After that, you need a technical audit. This includes penetration testing. Can they get through your firewall? Do you have things locked up?
Then you need what I would call an EHR audit. It’s a security audit that’s required to meet meaningful use and is conducted by a firm that’s certified to do so.”
Investing in these audits creates a framework for improving your system and its cyber security. After that, it’s what you do with that framework that counts.
“The commitment isn’t so much with the audit. The commitment is with addressing the list of things that have to be fixed. You’ve got to put a timeline in place, start with the highest priority and then work your way down. It could be a year worth of fixes, or more in some cases, depending on how old your infrastructure is and how much it needs to be improved.”
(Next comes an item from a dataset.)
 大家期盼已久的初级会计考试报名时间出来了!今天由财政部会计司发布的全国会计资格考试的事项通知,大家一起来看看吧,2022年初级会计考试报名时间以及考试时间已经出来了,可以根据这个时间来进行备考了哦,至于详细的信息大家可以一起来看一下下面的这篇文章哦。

Does your backup have your back?
According to Mason, a hospital’s backup process is the first and foremost item to address. “I think backups are kind of the dirty little secret of IT; there’s an assumption that because you’ve put a lot of money into the backup and restore process, it must therefore be working. The reality is even backups in large hospital systems are probably only good 60% of the time. The question becomes, ‘What’s in that 40% that you didn’t get backed up?’”
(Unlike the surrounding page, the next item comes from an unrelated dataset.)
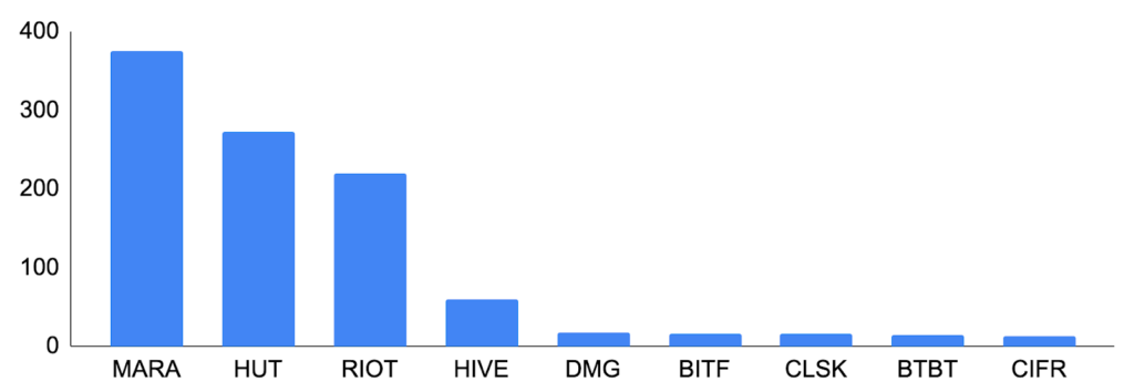 Source: TheMinerMag, GSR. Note: Amount of bitcoin on balance sheet represents the most recently reported number of bitcoin valued at $30,000 per BTC.

To ensure your backup system will get you back up and running in the event of an incident or some form of cyber-attack, Mason recommends three key strategies:
- Validate your backup process: “Do you have one? Do you know it’s running on a regular basis? Have you documented what is being backed up and when?”
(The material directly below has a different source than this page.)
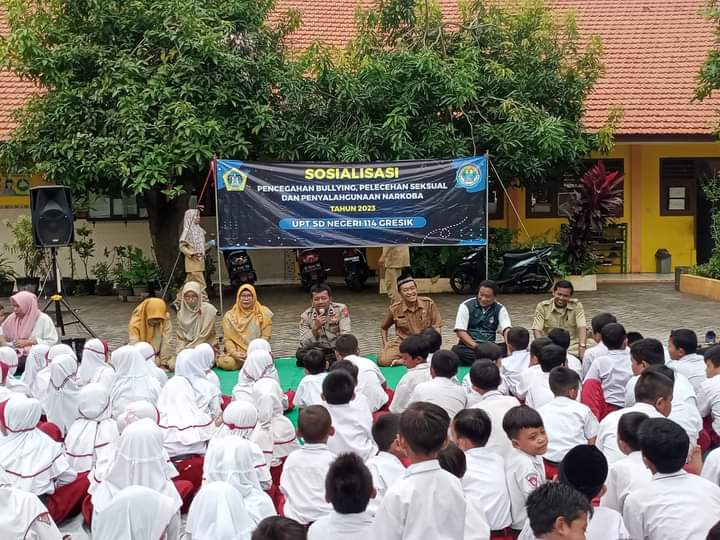 Kapolres Gresik AKBP Adhitya Panji Anom melalui Kapolsek Benjeng Iptu Alimin Tunggal menyampaikan, bahwa pembinaan dan penyuluhan kita berikan utamanya kepada pelajar yang jelas V dan VI terkait masalah bullying yang sering terjadi di lingkungan sekolah, selain itu pemahaman akan dampak penyalahgunaan narkoba juga kita sampaikan pada usia dini ini.

- Test your system: “This doesn’t mean testing it on the day that something goes bad. You need a regular process for testing. You don’t have to test 100%, but you need to test some random percentage of it on a regular basis, because you need to know early on that something’s not going well.”
- Make it someone’s primary duty: “It’s got to be a primary duty. What I see, especially in rural, is it’s secondary. I hear people say things like, ‘We don’t have enough people so we’ll get to it sometime…’ It has to be a primary role because it is the only thing that will save your bacon when you get that first ransomware.”
In most cases, vendors providing backup software and hardware can help you establish standards and implement systems for validating, documenting and testing your back up system.
Benefits of cyber security go beyond defense from attacks
The phishing incident at Hill Country illustrates the importance of creating a culture of vigilance throughout your hospital. Based on his experience, Mason says it starts with making sure everyone knows their role and their responsibilities when it comes to cyber security.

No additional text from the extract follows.